• According to TA Securities, CLMT achieved a 24% year-on-year (y-o-y) increase in realised net profit, reaching RM111.2 million, excluding fair value gains on investment properties.

KUALA LUMPUR (Jan 31): Analysts expect forward earnings growth on CapitaLand Malaysia Trust (CLMT) to be mainly backed by positive rental reversions and stable occupancy rates.

According to TA Securities, CLMT achieved a 24% year-on-year (y-o-y) increase in realised net profit, reaching RM111.2 million, excluding fair value gains on investment properties.

This performance aligns well with analysts' expectations, meeting 101% and 105% of TA Securities and consensus full-year forecasts, respectively.

“In the fiscal year of 2023 (FY2023), distribution per unit (DPU) has increased 4% y-o-y to 4.2 sen, primarily attributed to a 24% increase in the weighted average number of units following a private placement exercise,” according to TA Securities.

“This translates into an attractive dividend yield of 7.3%, net property income (NPI) also rose significantly by 43% to RM217.4 million, boosted by contributions from Queensbay Mall and Valdor Logistics Hub, alongside improved revenues from other malls in CLMT's portfolio,” it said.

Despite these successes, the trust also faced challenges, such as 82% y-o-y jump in finance costs due to increased borrowings and higher average cost of debt (4.07% in FY 2023, compared to 3.24% in FY2022), highlighted by TA Securities.

“We maintain our 'buy' call on CLMT with a target price of 68 sen (from 63 sen), based on the CLMT’s valuation at a lower target yield of 7% (previously 7.25%),” it said.

Meanwhile, Maybank Investment Bank (Maybank IB) Research maintained its 'hold' rating with a higher target price of 59 sen (previously 56 sen) on CLMT, noting that the trust’s fourth-quarter results were in line with expectations.

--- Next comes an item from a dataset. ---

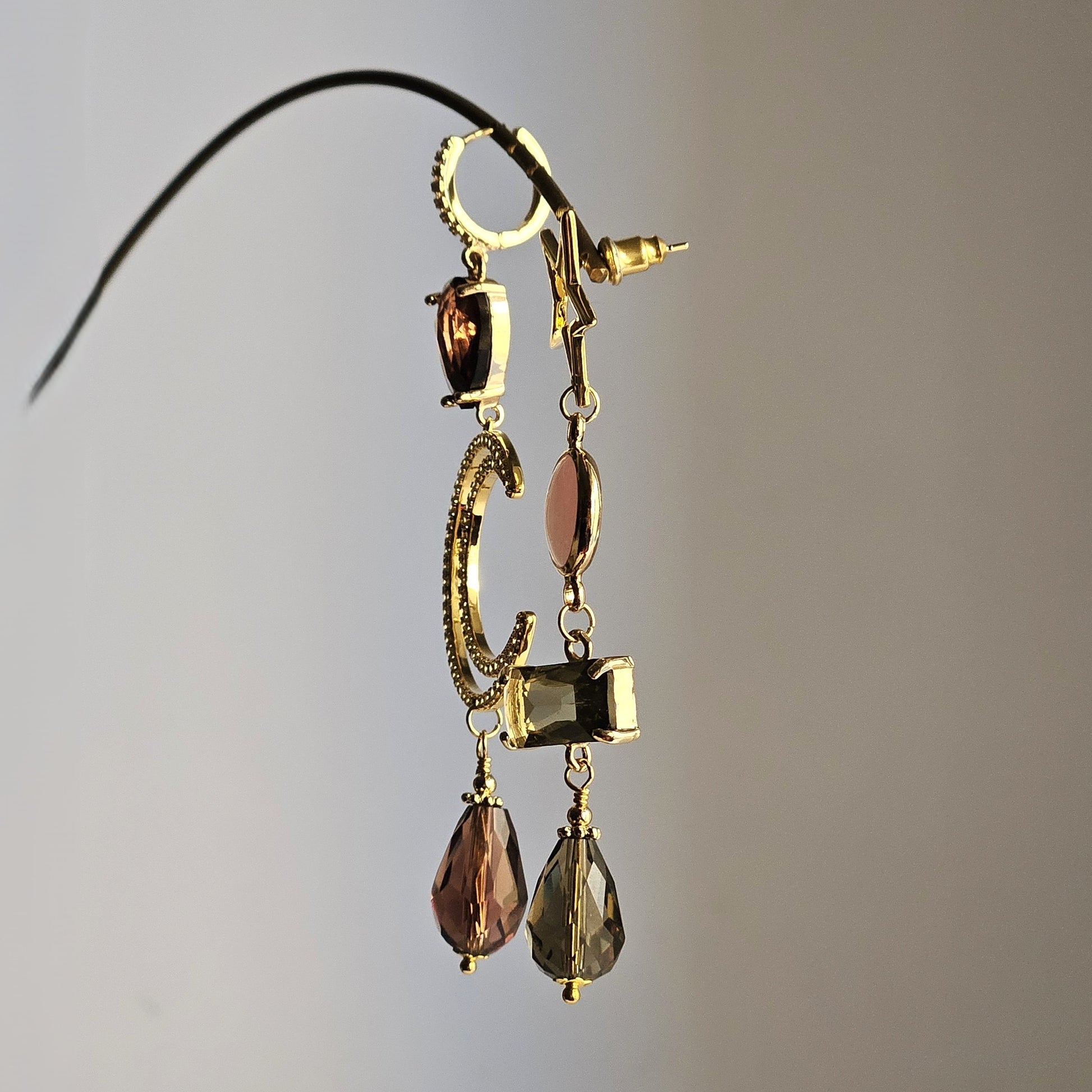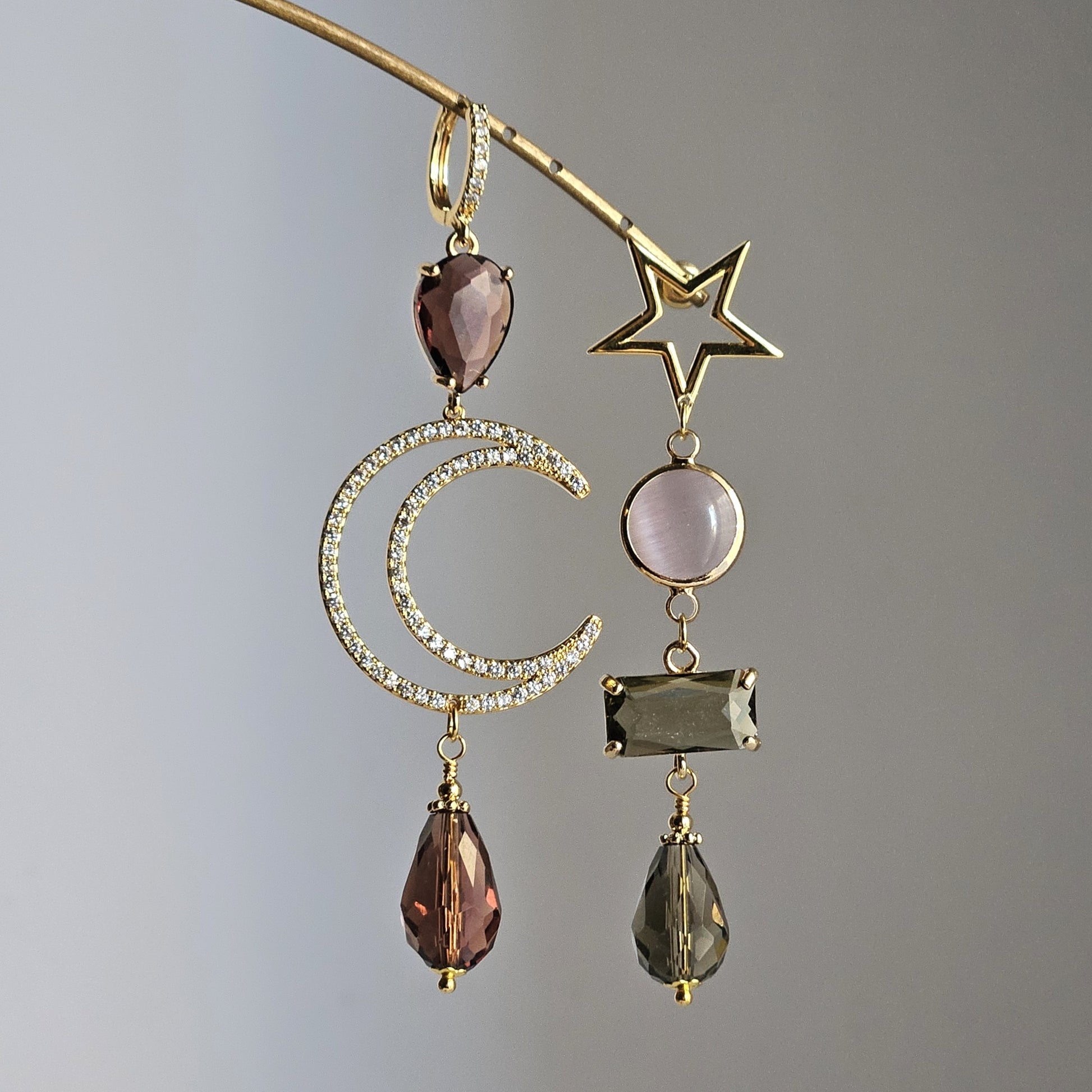 Orecchini con attacco misto a lobo consistenti in una stella filo con perno e una monachella a cerchietto con strass trasparenti, tutti e due in ottone dorato, i pendenti sono caratterizzati da tre strass nei colori fango, vino e rosa polvere, accompagnati da una luna filo impreziosita da strass trasparenti. Completano il design due gocce in vetro sfaccettato nei colori vino e fango.

Maybank IB said CLMT declared the final gross DPU for FY2023 at 4.17 sen, adjusted its FY2024/2025 earnings forecasts and raised its target price slightly, reflecting the trust’s steady growth backed by new asset contributions and positive rental reversions.

Separately, Kenanga Research echoed a similar sentiment which maintains its 'market perform' rating but with a slightly increased target price of 58 sen (from 53 sen).

For Kenanga Research, CLMT’s FY2023 core net profit and DPU exceeded its expectations, with a final DPU of 1.09 sen (full-year FY2023: 4.17 sen) also surpassing its forecast of 3.9 sen for FY2023, due to better-than-expected occupancy and rental revenue.

Kenanga Research also highlighted CLMT’s resilient earnings amid a competitive market, particularly in Klang Valley and its strategic diversification into the industrial and logistics sector.

At the time of writing, CLMT shares were up 1.5 sen or 2.63% to 58.5 sen, market capitalisation stood at RM1.62 billion.